Ghost Fish is a coming of age story of a 23-year-old woman in desperate need for a fresh start. She’s recently moved to New York, trying to leave the recent losses and bereavement she suffered behind her in her hometown. Alone in an unfamiliar town, barely making rent as a restaurant-hostess, Alison finds herself haunted in more ways than one. One night on her way home, she senses a strange shape in the air: a ghost-fish. Without any hesitation, Alison knows this is the ghost of her deceased sister, who drowned at sea. Unable to lose her sister for a second time, she traps the Ghostfish in a pickle-jar and takes it home.

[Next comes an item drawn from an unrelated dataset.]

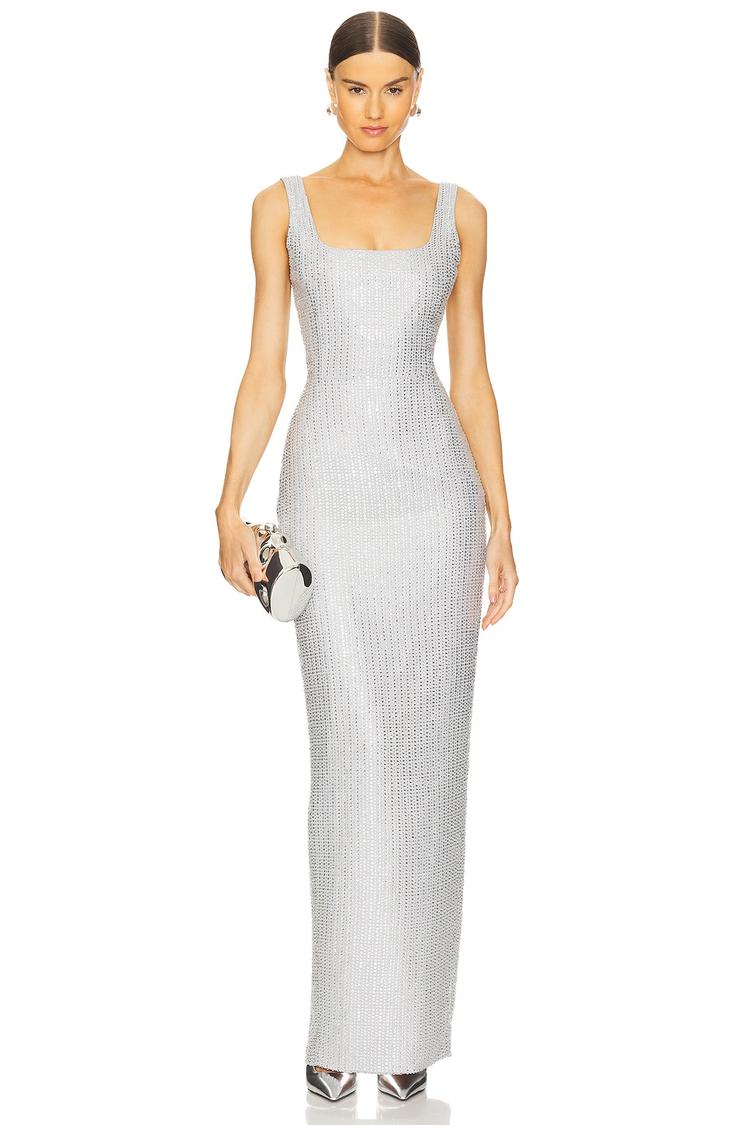 Shimmering with heavyweight rhinestone embellishments, this column maxi dress features a square neckline and wide straps for a sleek, fitted silhouette. The concealed back zipper and back vent enhance comfort and ease of movement, while the fully lined chiffon blend fabric offers a luxurious drape. Ideal for cocktail, semi-formal, and formal occasions, this elegant and sophisticated gown is crafted from a viscose, nylon, polyester, and elastane blend, perfect for all-weather wear. Its silver sparkle adds a striking touch to evening events and special celebrations.
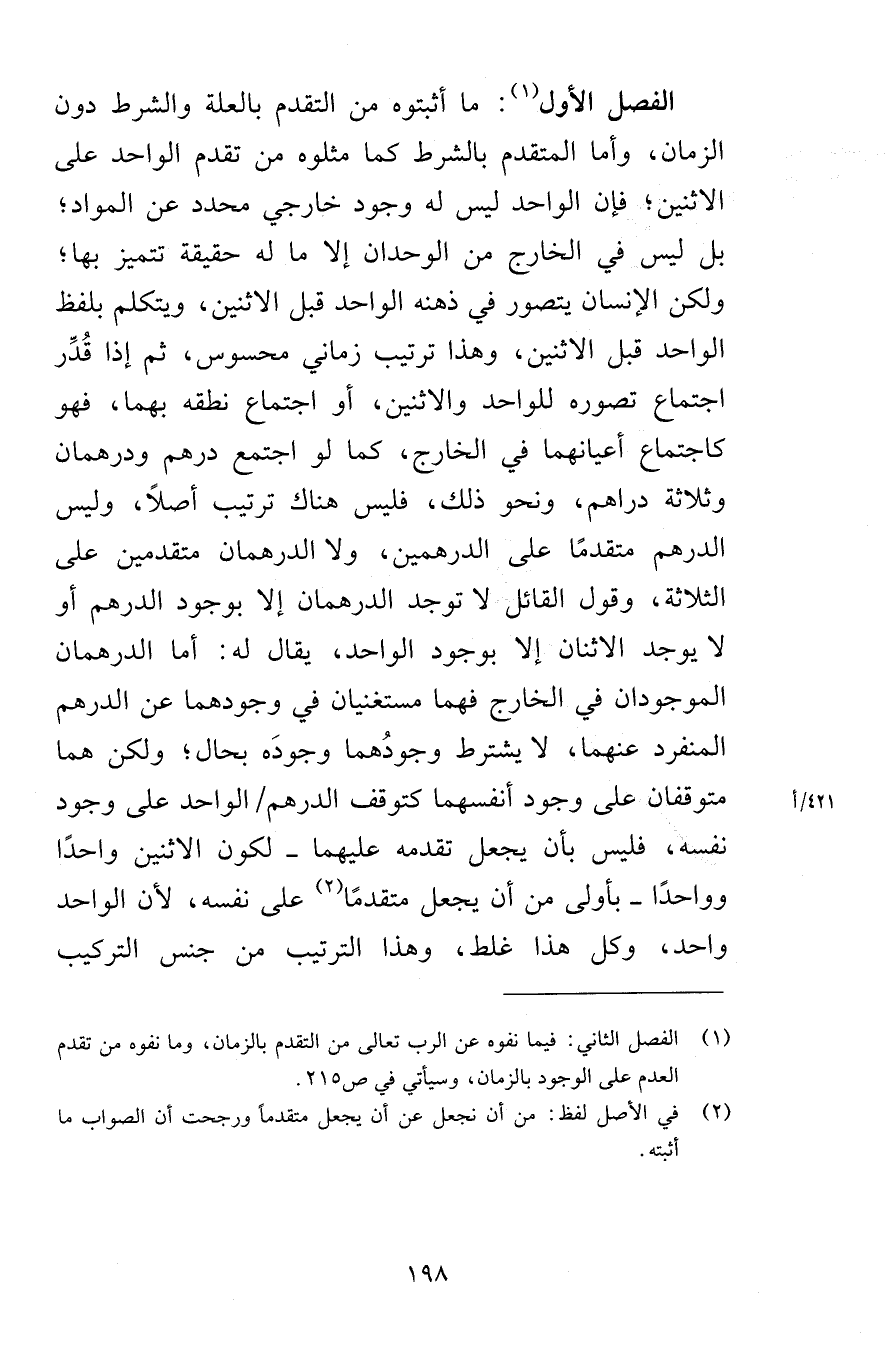 الفصل الأول ما أثبتوه من التقدم بالعلة والشرط دون الزمان وأما المتقدم بالشرط كما مثلوه من تقدم الواحد على الاثنين فإن الواحد ليس له وجود خارجي محدد عن المواد بل ليس في الخارج من الوحدان إلا ما له حقيقة تتميز بها ولكن الإنسان يتصور في ذهنه الواحد قبل الاثنين ويتكلم بلفظ الواحد قبل الاثنين وهذا ترتيب زماني محسوس ثم إذا قُدِّر اجتماع تصوره للواحد والاثنين أو اجتماع نطقه بهما فهو كاجتماع أعيانهما في الخارج كما لو اجتمع درهم ودرهمان وثلاثة دراهم ونحو ذلك فليس هناك ترتيب أصلاً وليس الدرهم متقدم على الدرهمين ولا الدرهمان متقدمان على الثلاثة وقول القائل لا توجد الدرهمان إلا بوجود الدرهم أو لا يوجد الاثنان إلا بوجود الواحد يقال له أما الدرهمان الموجودان في الخارج فهما مستغنيان في وجودهما عن الدرهم المنفرد عنهما لا يشترط وجودُهما وجودَه بحال ولكن هما متوقفان على وجود أنفسهما كتوقف الدرهم الواحد على وجود نفسه فليس بأن يجعل تقدمه عليهما لكون الاثنين واحدًا وواحدًا بأولى من أن يجعل متقدمًا على نفسه لأن الواحد واحد وكل هذا غلط وهذا الترتيب من جنس التركيب

To some, that premise might sound a little cooky, but I promise you that this story is anything but. Deeply human and relatable, this is a portrait of a young woman’s journey of carrying her past filled with disproportionate losses, in to her future. It’s about sisterhood, grief, tentative healing and the difference between moving on from and moving on with your past. I loved Alison as a character; she’s flawed and messy, but very clearly trying to do her best in the given situation. Her attachment to – what seems to the world – an empty pickle-jar is both endearing and heartbreaking, and strangely sensible when you realise what this thing means to her. What I especially loved about Ghost Fish is how it uses its metaphor to explore how grief an (disproportionate) loss can isolate a young person from their peers. At a time when her peers were concerned with crushes and late-night-parties, Alison has had to cope with some of the worst losses imaginable: losing every family-member she’s had before she’s even 25. Her attempts to compartmentalize and hide these losses from her new-life-friends (literally having to hide the secret of the ghostfish) were incredibly relatable and well-portrayed. I loved watching Alison grow through this over the course of the book, seeing her slowly and tentatively letting in new people, and seeing a beautiful friendship develop over the course of the Key-West piece of the novel. Extra credits to the author for not shoehorning in a rushed romance, but keeping the focus on the power of true connection through friendship.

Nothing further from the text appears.